_What the exercise asks:_ In your answer, every line of the records should be written out exactly.
### Available data
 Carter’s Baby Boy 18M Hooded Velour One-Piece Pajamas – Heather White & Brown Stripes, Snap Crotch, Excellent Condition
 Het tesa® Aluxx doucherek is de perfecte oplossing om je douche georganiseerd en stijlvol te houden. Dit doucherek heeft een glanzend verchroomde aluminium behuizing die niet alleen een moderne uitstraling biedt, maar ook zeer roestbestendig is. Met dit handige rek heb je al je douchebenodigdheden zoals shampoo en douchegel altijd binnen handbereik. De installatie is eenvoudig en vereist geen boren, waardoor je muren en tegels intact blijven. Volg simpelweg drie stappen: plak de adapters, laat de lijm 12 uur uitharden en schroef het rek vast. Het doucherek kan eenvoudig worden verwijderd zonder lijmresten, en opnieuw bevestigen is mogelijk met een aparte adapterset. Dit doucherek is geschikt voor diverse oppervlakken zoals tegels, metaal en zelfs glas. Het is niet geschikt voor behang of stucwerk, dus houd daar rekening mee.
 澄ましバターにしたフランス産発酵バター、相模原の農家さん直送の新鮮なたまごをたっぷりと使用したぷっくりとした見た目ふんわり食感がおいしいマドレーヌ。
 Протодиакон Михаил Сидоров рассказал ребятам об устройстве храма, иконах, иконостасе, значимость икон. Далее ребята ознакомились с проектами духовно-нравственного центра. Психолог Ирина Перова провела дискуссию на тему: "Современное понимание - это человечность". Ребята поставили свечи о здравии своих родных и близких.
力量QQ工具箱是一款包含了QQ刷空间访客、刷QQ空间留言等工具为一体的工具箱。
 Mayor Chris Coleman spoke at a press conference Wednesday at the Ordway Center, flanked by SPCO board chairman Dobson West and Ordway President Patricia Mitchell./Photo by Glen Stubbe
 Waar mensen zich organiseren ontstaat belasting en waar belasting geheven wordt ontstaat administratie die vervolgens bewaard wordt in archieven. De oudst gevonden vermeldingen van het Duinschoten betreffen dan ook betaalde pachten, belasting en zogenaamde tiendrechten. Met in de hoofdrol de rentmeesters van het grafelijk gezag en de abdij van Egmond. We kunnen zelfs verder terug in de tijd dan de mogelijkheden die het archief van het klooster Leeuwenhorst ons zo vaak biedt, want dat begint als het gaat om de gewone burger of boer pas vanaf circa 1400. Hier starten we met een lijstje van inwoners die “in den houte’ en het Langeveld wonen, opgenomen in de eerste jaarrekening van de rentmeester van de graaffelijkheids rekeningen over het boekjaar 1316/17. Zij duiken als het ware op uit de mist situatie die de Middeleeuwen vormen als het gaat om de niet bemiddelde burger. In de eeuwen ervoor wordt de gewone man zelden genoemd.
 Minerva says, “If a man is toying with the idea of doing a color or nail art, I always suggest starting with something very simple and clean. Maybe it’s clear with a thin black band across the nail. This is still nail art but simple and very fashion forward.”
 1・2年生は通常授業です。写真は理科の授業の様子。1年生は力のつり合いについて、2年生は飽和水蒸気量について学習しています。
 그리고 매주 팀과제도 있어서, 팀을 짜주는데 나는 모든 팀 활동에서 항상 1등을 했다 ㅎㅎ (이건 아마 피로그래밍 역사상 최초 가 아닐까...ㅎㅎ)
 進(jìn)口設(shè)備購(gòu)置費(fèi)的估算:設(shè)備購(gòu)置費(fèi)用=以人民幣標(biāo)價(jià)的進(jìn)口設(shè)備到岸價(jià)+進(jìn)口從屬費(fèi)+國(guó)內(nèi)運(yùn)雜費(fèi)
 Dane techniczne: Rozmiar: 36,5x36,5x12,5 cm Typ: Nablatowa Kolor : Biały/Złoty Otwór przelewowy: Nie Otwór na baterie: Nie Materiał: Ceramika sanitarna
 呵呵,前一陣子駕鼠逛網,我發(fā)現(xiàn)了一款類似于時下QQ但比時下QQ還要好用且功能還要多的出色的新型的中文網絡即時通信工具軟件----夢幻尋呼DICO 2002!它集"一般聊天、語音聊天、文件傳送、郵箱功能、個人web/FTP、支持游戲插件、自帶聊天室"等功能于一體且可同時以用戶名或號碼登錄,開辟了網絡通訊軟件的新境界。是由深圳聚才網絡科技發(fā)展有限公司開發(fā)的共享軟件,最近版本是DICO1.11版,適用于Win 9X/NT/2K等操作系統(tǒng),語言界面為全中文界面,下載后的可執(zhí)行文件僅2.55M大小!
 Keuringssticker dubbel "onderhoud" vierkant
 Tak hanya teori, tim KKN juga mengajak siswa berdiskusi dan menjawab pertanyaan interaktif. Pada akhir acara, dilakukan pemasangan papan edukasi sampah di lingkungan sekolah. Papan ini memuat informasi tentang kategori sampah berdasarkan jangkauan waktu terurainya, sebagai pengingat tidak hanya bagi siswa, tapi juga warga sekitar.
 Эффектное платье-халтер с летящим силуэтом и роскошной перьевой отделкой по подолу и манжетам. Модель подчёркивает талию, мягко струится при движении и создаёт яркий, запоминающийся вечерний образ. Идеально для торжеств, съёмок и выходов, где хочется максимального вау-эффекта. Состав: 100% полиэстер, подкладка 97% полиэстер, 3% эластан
######
_Result of this exercise:_
 Carter’s Baby Boy 18M Hooded Velour One-Piece Pajamas – Heather White & Brown Stripes, Snap Crotch, Excellent Condition
 Het tesa® Aluxx doucherek is de perfecte oplossing om je douche georganiseerd en stijlvol te houden. Dit doucherek heeft een glanzend verchroomde aluminium behuizing die niet alleen een moderne uitstraling biedt, maar ook zeer roestbestendig is. Met dit handige rek heb je al je douchebenodigdheden zoals shampoo en douchegel altijd binnen handbereik. De installatie is eenvoudig en vereist geen boren, waardoor je muren en tegels intact blijven. Volg simpelweg drie stappen: plak de adapters, laat de lijm 12 uur uitharden en schroef het rek vast. Het doucherek kan eenvoudig worden verwijderd zonder lijmresten, en opnieuw bevestigen is mogelijk met een aparte adapterset. Dit doucherek is geschikt voor diverse oppervlakken zoals tegels, metaal en zelfs glas. Het is niet geschikt voor behang of stucwerk, dus houd daar rekening mee.
 澄ましバターにしたフランス産発酵バター、相模原の農家さん直送の新鮮なたまごをたっぷりと使用したぷっくりとした見た目ふんわり食感がおいしいマドレーヌ。
 Протодиакон Михаил Сидоров рассказал ребятам об устройстве храма, иконах, иконостасе, значимость икон. Далее ребята ознакомились с проектами духовно-нравственного центра. Психолог Ирина Перова провела дискуссию на тему: "Современное понимание - это человечность". Ребята поставили свечи о здравии своих родных и близких.
力量QQ工具箱是一款包含了QQ刷空间访客、刷QQ空间留言等工具为一体的工具箱。
 Mayor Chris Coleman spoke at a press conference Wednesday at the Ordway Center, flanked by SPCO board chairman Dobson West and Ordway President Patricia Mitchell./Photo by Glen Stubbe
 Waar mensen zich organiseren ontstaat belasting en waar belasting geheven wordt ontstaat administratie die vervolgens bewaard wordt in archieven. De oudst gevonden vermeldingen van het Duinschoten betreffen dan ook betaalde pachten, belasting en zogenaamde tiendrechten. Met in de hoofdrol de rentmeesters van het grafelijk gezag en de abdij van Egmond. We kunnen zelfs verder terug in de tijd dan de mogelijkheden die het archief van het klooster Leeuwenhorst ons zo vaak biedt, want dat begint als het gaat om de gewone burger of boer pas vanaf circa 1400. Hier starten we met een lijstje van inwoners die “in den houte’ en het Langeveld wonen, opgenomen in de eerste jaarrekening van de rentmeester van de graaffelijkheids rekeningen over het boekjaar 1316/17. Zij duiken als het ware op uit de mist situatie die de Middeleeuwen vormen als het gaat om de niet bemiddelde burger. In de eeuwen ervoor wordt de gewone man zelden genoemd.
 Minerva says, “If a man is toying with the idea of doing a color or nail art, I always suggest starting with something very simple and clean. Maybe it’s clear with a thin black band across the nail. This is still nail art but simple and very fashion forward.”
 1・2年生は通常授業です。写真は理科の授業の様子。1年生は力のつり合いについて、2年生は飽和水蒸気量について学習しています。
 그리고 매주 팀과제도 있어서, 팀을 짜주는데 나는 모든 팀 활동에서 항상 1등을 했다 ㅎㅎ (이건 아마 피로그래밍 역사상 최초 가 아닐까...ㅎㅎ)
 進(jìn)口設(shè)備購(gòu)置費(fèi)的估算:設(shè)備購(gòu)置費(fèi)用=以人民幣標(biāo)價(jià)的進(jìn)口設(shè)備到岸價(jià)+進(jìn)口從屬費(fèi)+國(guó)內(nèi)運(yùn)雜費(fèi)
 Dane techniczne: Rozmiar: 36,5x36,5x12,5 cm Typ: Nablatowa Kolor : Biały/Złoty Otwór przelewowy: Nie Otwór na baterie: Nie Materiał: Ceramika sanitarna
 呵呵,前一陣子駕鼠逛網,我發(fā)現(xiàn)了一款類似于時下QQ但比時下QQ還要好用且功能還要多的出色的新型的中文網絡即時通信工具軟件----夢幻尋呼DICO 2002!它集"一般聊天、語音聊天、文件傳送、郵箱功能、個人web/FTP、支持游戲插件、自帶聊天室"等功能于一體且可同時以用戶名或號碼登錄,開辟了網絡通訊軟件的新境界。是由深圳聚才網絡科技發(fā)展有限公司開發(fā)的共享軟件,最近版本是DICO1.11版,適用于Win 9X/NT/2K等操作系統(tǒng),語言界面為全中文界面,下載后的可執(zhí)行文件僅2.55M大小!
 Keuringssticker dubbel "onderhoud" vierkant
 Tak hanya teori, tim KKN juga mengajak siswa berdiskusi dan menjawab pertanyaan interaktif. Pada akhir acara, dilakukan pemasangan papan edukasi sampah di lingkungan sekolah. Papan ini memuat informasi tentang kategori sampah berdasarkan jangkauan waktu terurainya, sebagai pengingat tidak hanya bagi siswa, tapi juga warga sekitar.
 Эффектное платье-халтер с летящим силуэтом и роскошной перьевой отделкой по подолу и манжетам. Модель подчёркивает талию, мягко струится при движении и создаёт яркий, запоминающийся вечерний образ. Идеально для торжеств, съёмок и выходов, где хочется максимального вау-эффекта. Состав: 100% полиэстер, подкладка 97% полиэстер, 3% эластан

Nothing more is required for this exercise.